Jean-Aniel Assi

Personal information
- Full name: Jean-Aniel Eclesiaste Assi
- Date of birth: August 12, 2004 (age 21)
- Place of birth: Adzopé, Ivory Coast
- Height: 1.85 m (6 ft 1 in)
- Position: Winger

Team information
- Current team: Atlético Ottawa

Youth career
- ASM LaSalle
- Royal-Sélect de Beauport
- 2017–2020: Montreal Impact

Senior career*
- Years: Team / Apps / (Gls)
- 2020–2023: CF Montréal / 0 / (0)
- 2022: → Cavalry FC (loan) / 19 / (0)
- 2023: → Atlético Ottawa (loan) / 25 / (1)
- 2024: Crown Legacy / 7 / (0)
- 2024–2025: Marbella / 3 / (0)
- 2025: Alcorcón B / 4 / (0)
- 2025–: Atlético Ottawa / 5 / (0)

International career^{‡}
- 2019: Canada U15 / 5 / (4)
- 2022: Canada U20 / 3 / (0)

= Jean-Aniel Assi =

Canadian soccer player (born 2004)

Jean-Aniel Eclesiaste Assi (born August 12, 2004) is a professional soccer player who plays as a winger for Atlético Ottawa in the Canadian Premier League. Born in the Ivory Coast, he represented Canada at youth level.

==Early life==
Born in Adzopé, Ivory Coast, in 2004, Assi moved to Canada at age 10. He began playing youth soccer in Canada with ASM LaSalle, before joining Royal-Sélect de Beauport. In 2017, he joined the Montreal Impact Academy. In 2020, he took part in the pre-season training camp with the first team, when he was only fifteen.

== Club career ==
In December 2020, Assi signed his first homegrown contract with Montreal Impact (later renamed CF Montréal for the 2021 season). Assi made his professional debut with Montreal Impact in a 1-0 CONCACAF Champions League win over C.D. Olimpia on December 15, 2020, becoming the youngest ever player to play for the club at the age of 16 years and 125 days.

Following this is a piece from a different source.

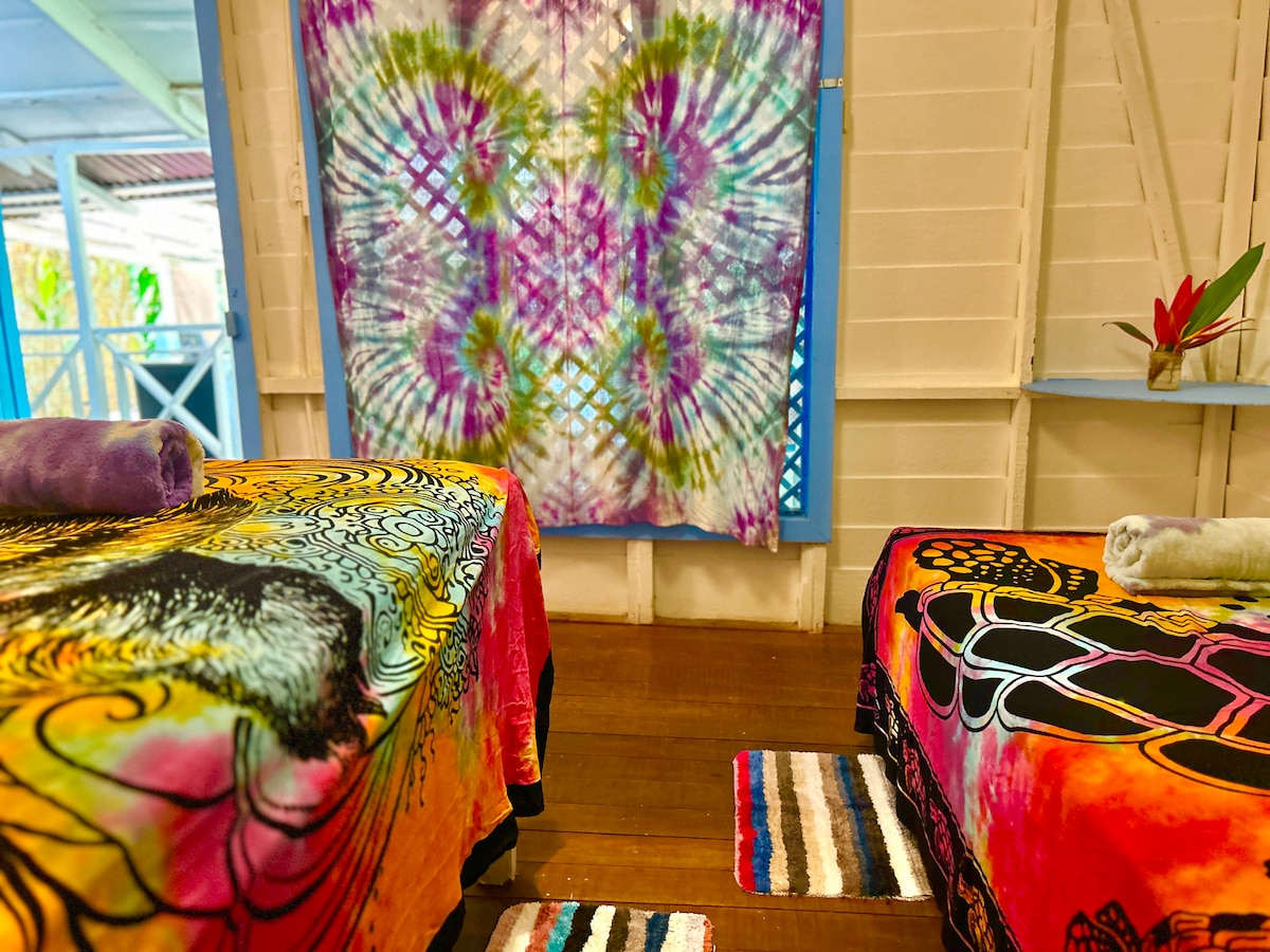☀️Karibi tengerparti házikók a főúton 🏝️70 méteres sétára a Punta Uva strandtól 🐊 élénk természet a helyszínen A 3. számú Casita szabadtéri konyhával rendelkezik és étkezőhelyiség a saját erkélyeden 2 hálószoba és fürdőszoba 3 ágy, 5 férőhely Tökéletes elhelyezkedés Pihenés a tengerparton Kalandok nemzeti parkokban Könnyű hozzáférés Útban Panamába Parkolás és mosás A nyaralásod autentikus Costa Rica-i karibi ÉLMÉNNYÉ válik, ha egy kulturális szabadtéri casitában szállsz meg, amely összekapcsol benneteket egymással, a kis közösségünkkel és a természettel

In March 2022, Assi went on a one-year loan with Canadian Premier League side Cavalry FC. In February 2023, he went on loan with Atlético Ottawa. On July 12, 2023, he scored his first professional goal in a 2-0 victory for Atlético Ottawa over his former side Cavalry FC. Upon completion of the 2023 season, CF Montréal would announce that they would not pick up Assi's contract for 2024, ending his time with the club.

In January 2024, Assi joined Crown Legacy FC, the MLS Next Pro affiliate of Charlotte FC.

In October 2024, Assi signed with Marbella in the Spanish third tier Primera Federación until June 2026.

In February 2025, he moved to Alcorcón B in the Spanish fifth tier Tercera Federación.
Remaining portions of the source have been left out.